• Task to carry out:
Nothing but the lines below from the one holding "Outdoor Curtains Waterproof" up to and including the one holding "Sesja Rady Miasta" should be copied, exactly and without pictures.

• Available records:
= Beginning of Section =
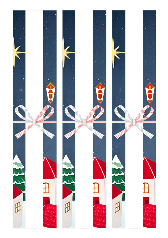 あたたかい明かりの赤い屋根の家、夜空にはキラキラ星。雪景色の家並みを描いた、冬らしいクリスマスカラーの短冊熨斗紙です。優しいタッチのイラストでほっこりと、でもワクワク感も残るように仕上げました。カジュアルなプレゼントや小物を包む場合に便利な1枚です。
= End of Section =
= Beginning of Section =
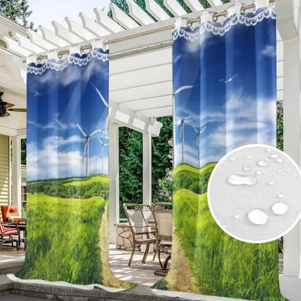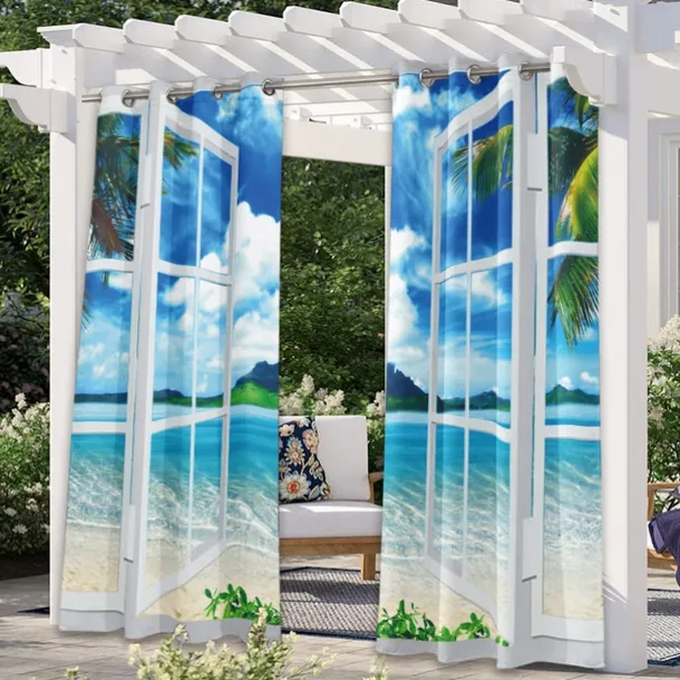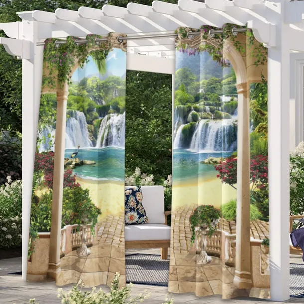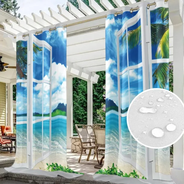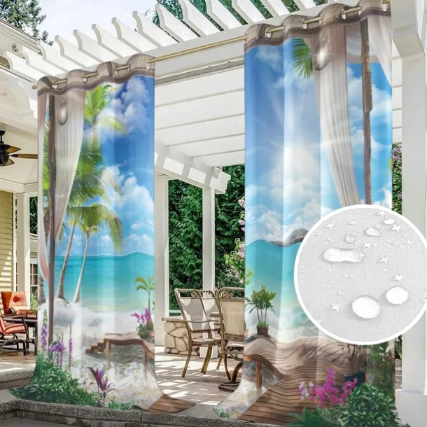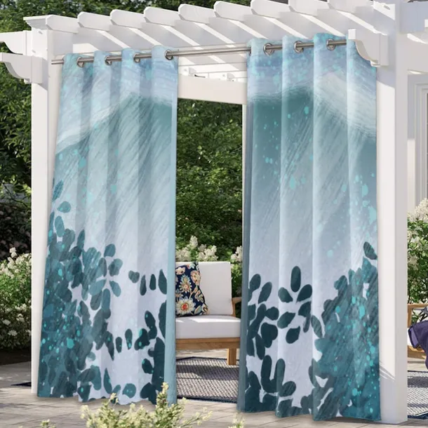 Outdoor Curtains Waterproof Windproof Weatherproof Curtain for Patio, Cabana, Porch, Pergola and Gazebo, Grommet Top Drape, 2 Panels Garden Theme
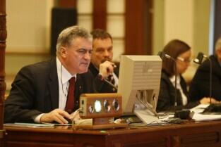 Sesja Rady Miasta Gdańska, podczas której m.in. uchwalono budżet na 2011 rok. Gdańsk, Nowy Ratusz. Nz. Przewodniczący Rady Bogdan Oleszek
= End of Section =
• Answer to this task:
 Outdoor Curtains Waterproof Windproof Weatherproof Curtain for Patio, Cabana, Porch, Pergola and Gazebo, Grommet Top Drape, 2 Panels Garden Theme
 Sesja Rady Miasta Gdańska, podczas której m.in. uchwalono budżet na 2011 rok. Gdańsk, Nowy Ratusz. Nz. Przewodniczący Rady Bogdan Oleszek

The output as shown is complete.